Seluruh pemangku kepentingan, termasuk kader kesehatan, di tiap-tiap dusun musti paham dan aware dengan kasus ini.

“Lakukan evaluasi setiap bulan. Begitu ada indikator tidak baik atas kondisi anak, segera rujuk ke puskesmas. Terus lakukan pendampingan ke bawah,” katanya.

Neti Nurani mengaku, perlu kerja keras semua pihak untuk memastikan target penurunan stunting bisa diwujudkan. Mereka juga harus meningkatkan senergi dan kolaborasi.

Direktur Utama RS PKU Muhammadiyah Yogyakarta dr H Mohammad Komarudin, SpA, mengatakan, seminar ini sebagai bentuk refreshing dan refleksi untuk menghadapi stunting. Ia menjelaskan bahwa stunting menjadi persoalan yang harus segera dituntaskan, sehingga dengan penyelenggaraan kegiatan ini ia sangat mengharapkan bisa memberikan pendalaman pengetahuan bagi warga masyarakat.

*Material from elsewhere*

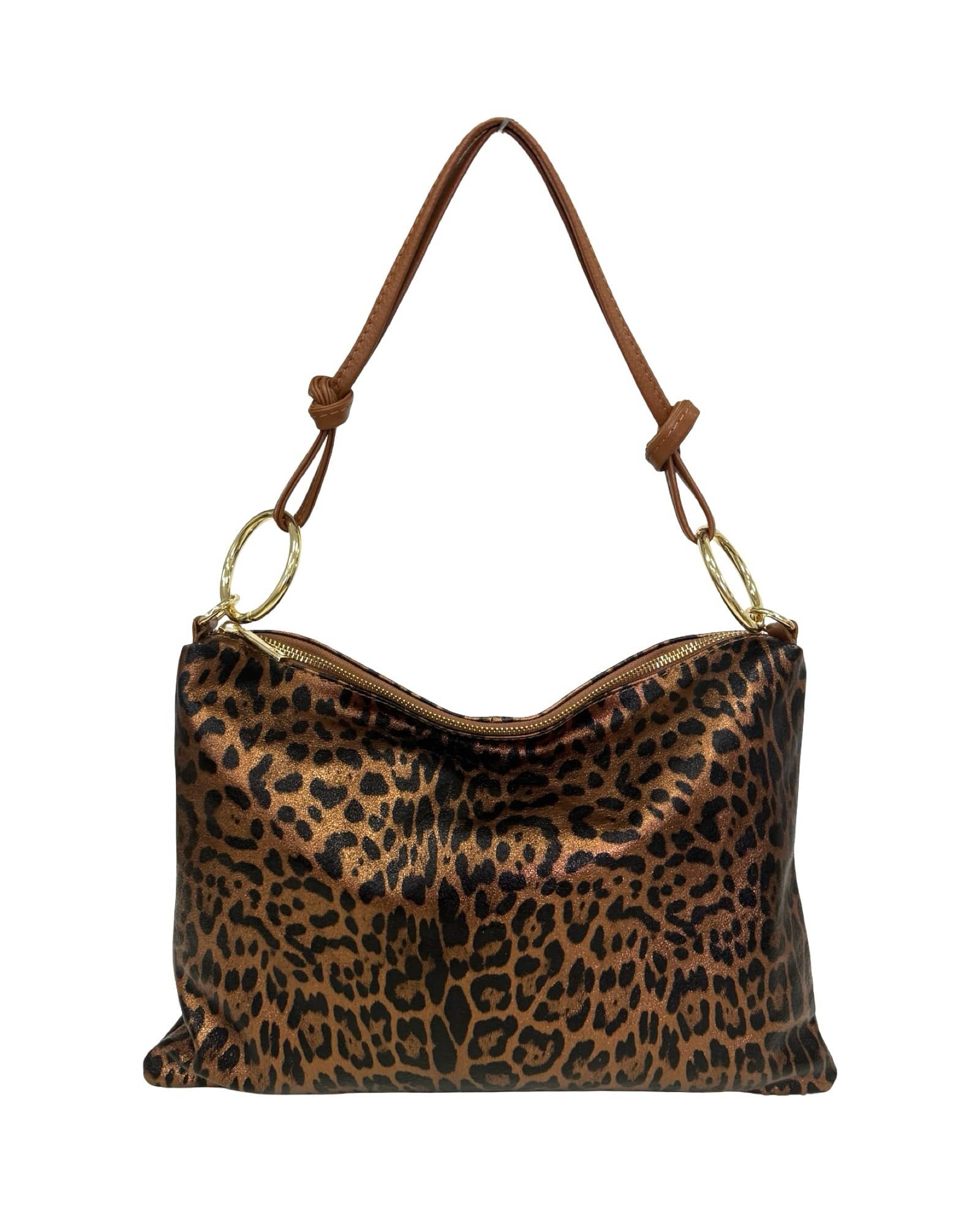 Materiale esterno: vera pelle con due manici in pelle con anelli in oro

Stunting dalam beberapa tahun terakhir menjadi tema besar di dunia kesehatan, khususnya kesehatan anak. Karena angka prevalensinya juga masih tinggi. Dan ini juga menjadi target pemerintah untuk menurunkan,” katanya.

Melalui seminar ini, diharapkan akan muncul persepsi yang sama bagaimana melalukan pendekatan diagnosis sampai beberapa penanganan (stunting) terkini.

“Karena di lapangan masih kerap ditemukan mengenai perbedaan persepsi (penanganan stunting),” jelasnya. (*)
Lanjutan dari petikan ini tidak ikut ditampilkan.